I.    LDF: CT Health Department Drops Charges Against Watsky
------------------------------------------------------------
Sender: Thomas Forschner <ldftf@aol.com>
Date: February 5, 1996 -- FOR IMMEDIATE RELEASE


CT Health Department Drops Charges Against Doctor Treating Chronic
Lyme Disease


George Gunther, Chairman of the Public Health Committee telephoned
Dr. Phil Watsky of Bristol, CT Wednesday night and informed that  
the charges brought against him by the State of Connecticut Dept.
of Health (DOH) had been dropped.  Dr. Watsky was denied
participation into at least two managed care plans due to the
charges.


Warren Wollschlager of the DOH called the Lyme Disease Foundation
Thursday morning and confirmed that the department's proceedings
against Dr. Phil Watsky have been stopped.
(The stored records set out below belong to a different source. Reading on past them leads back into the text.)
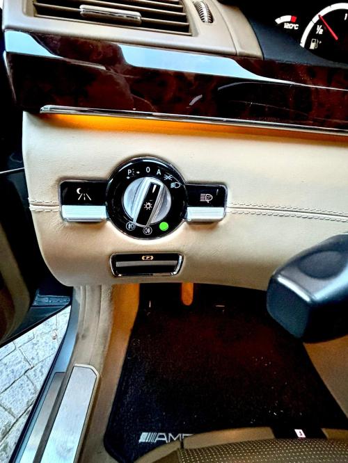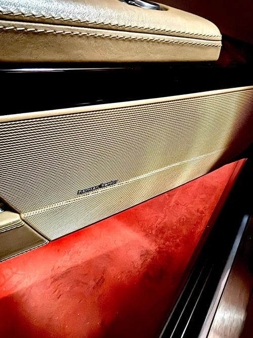INTERIORES: Muy bien conservado y con un sinfín de extras: sistema de sonido surround Burmester, molduras de madera de raíz de nogal oscuro, tapizado de cuero exclusivo napa, asientos traseros climatizados y con masaje, etc.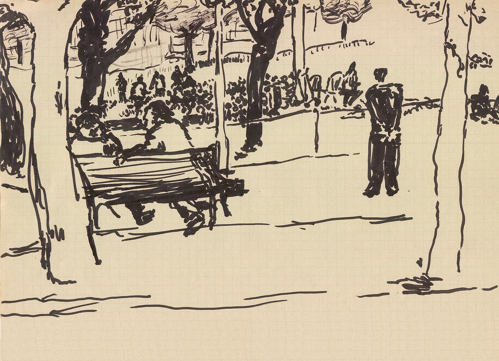 tekening van mensen op de Ramblas in Barcelona.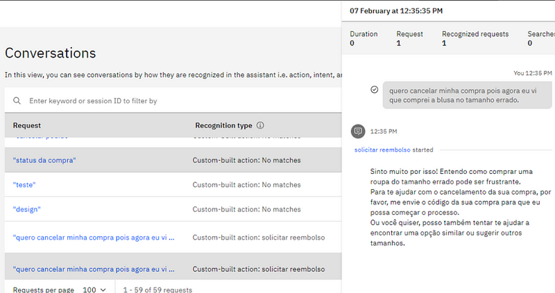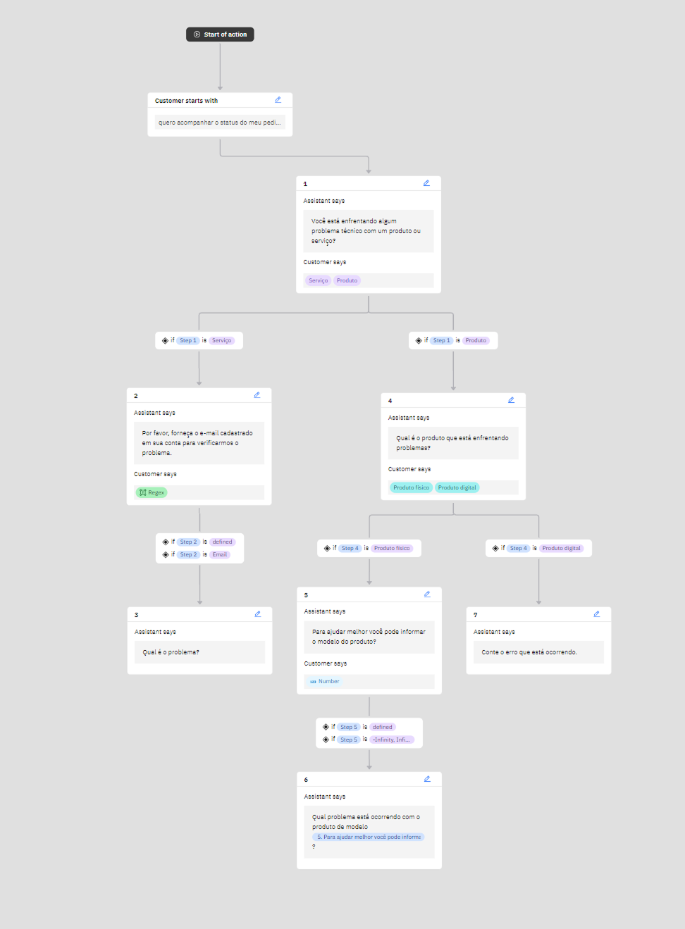 As ações oferecem a opção de visualização em formato de diagrama, facilitando a compreensão do comportamento do assistente. Esse modelo torna tanto o desenvolvimento quanto a análise do fluxo da conversa mais intuitivos.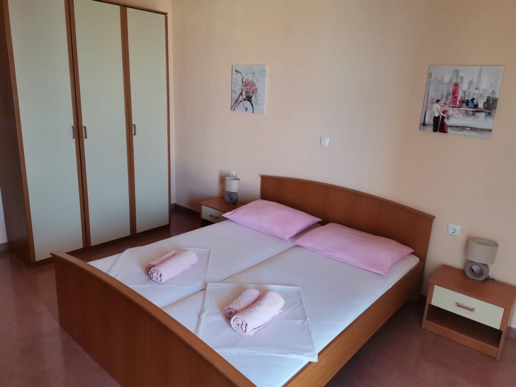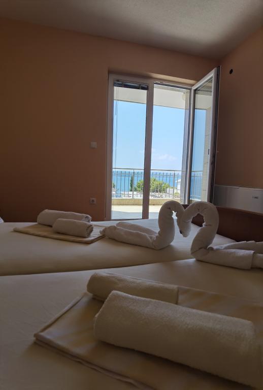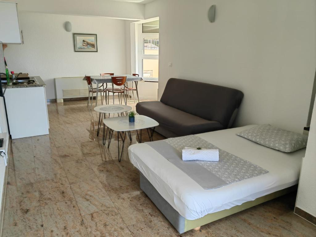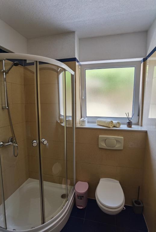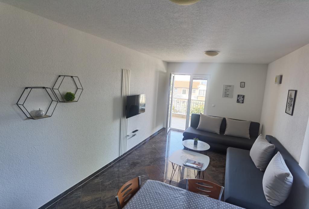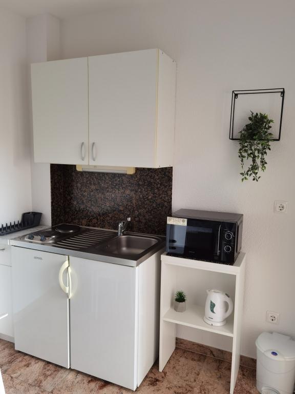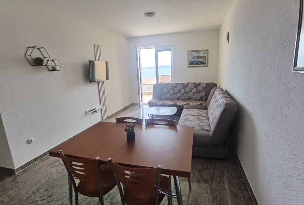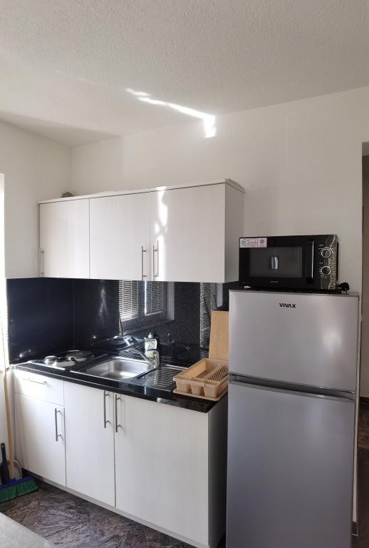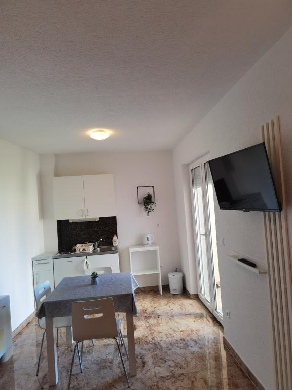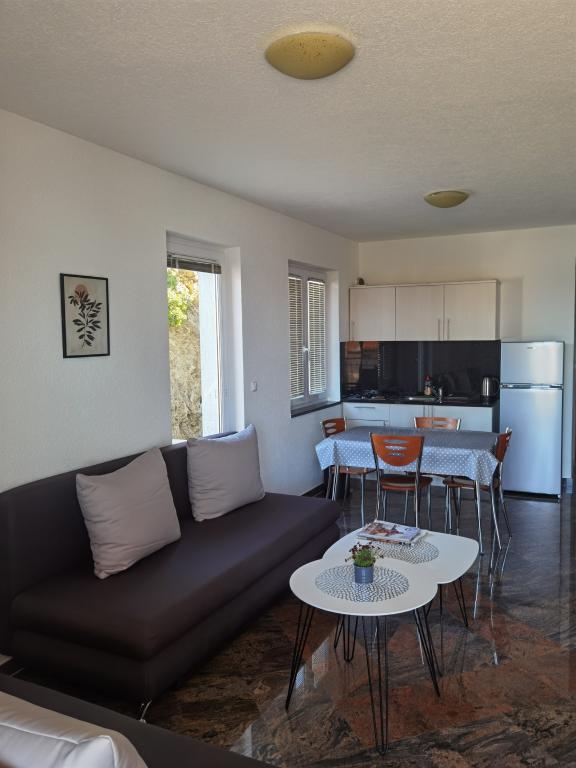 La Villa Marić est située dans un quartier calme de Baska Voda, à 200 mètres de la mer. La villa offre une belle vue sur la mer, les îles et les montagnes environnantes. Il y a des marchés, des restaurants et des cafés à proximité. Les appartements spacieux se composent d'une chambre double, d'une salle de bain, d'une cuisine, d'une salle à manger et d'un salon. Il y a un canapé-lit dans le salon. Des appartements équipés de façon moderne rendent votre séjour plus confortable : TV satellite, WiFi, climatisation et ustensiles de cuisine nécessaires, et une terrasse avec de belles vues sur la mer. Devant la villa, il y a un grand parking. Un parking dans le garage peut être fourni sur demande moyennant des frais supplémentaires. L'environnement calme autour de la maison assure la tranquillité du bruit de la rue et la sécurité des enfants. Le personnel amical est toujours à votre service. Nous vous souhaitons la bienvenue et souhaitons que vous vous sentiez comme chez vous. Nous espérons que vous apprécierez nos appartements et que vous profiterez de Baška Voda de manière inoubliable ! Nous nous réjouissons de votre arrivée !
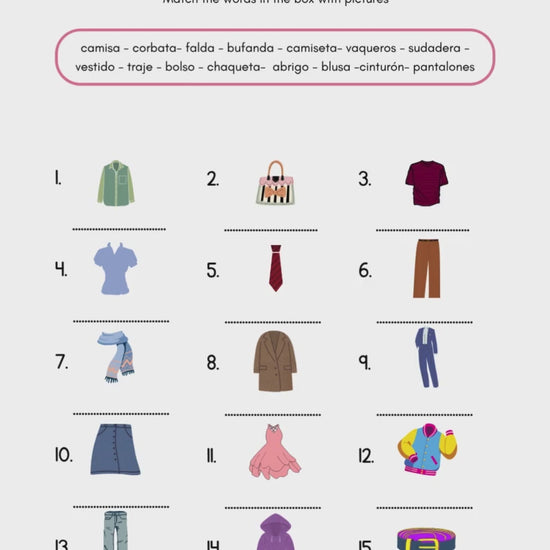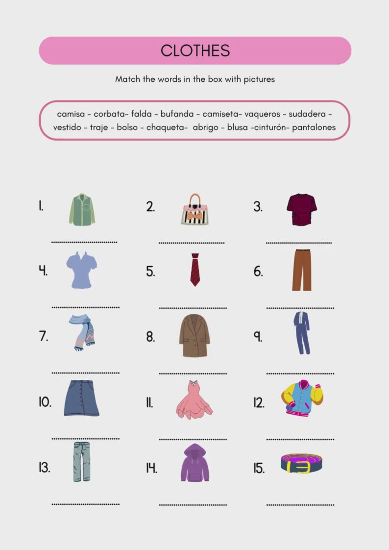 Help your students master Spanish clothing and accessories vocabulary with these interactive and visually appealing worksheets! Designed for learners of all ages and beginners, this resource makes learning new words fun, memorable, and practical — perfect for everyday conversations and classroom activities.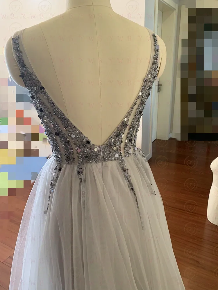 Платье женское ТРАПЕЦИЕВИДНОЕ с V-образным вырезом, пикантное Тюлевое вечернее платье с высоким разрезом, с открытой спиной, элегантное платье для выпускного вечера, 2021

These charges originated because of a 1993 letter to the DOH
written by a pediatrician accusing Dr. Watsky, a Board Certified
Internist, of over diagnosing, over treating and profiteering from
his Lyme disease patents.  The letter stated that the charges were
based on second hand information.


The DOH initiated an investigation this summer and requested the
records of 2 specific patients (we do not know how they were
selected) from Dr. Watsky.  The profiteering charge and one of the
two patients selected were immediately dropped (both patents are
adults and neither patient had complained about their care).
The remaining adult patient's records were sent out for review by
a pediatrician recommended in the 1993 letter.


After an intense 2 1/2 hour meeting at the DOH on December 12,
1995, where Dr. Watsky was questioned about every aspect of this
one patients care the DOH announced that they would request a
second review of this patients records by another of their
consultants.


In the last two weeks an outpouring of support in Connecticut and
across the country from Dr. Watsky's colleagues, the Centers for
Disease Control and from the public and was focused on the Governor,
the Commissioner of Health, Chairman Gunther, and the Hospital
administrators of the pediatrician who sent the original letter.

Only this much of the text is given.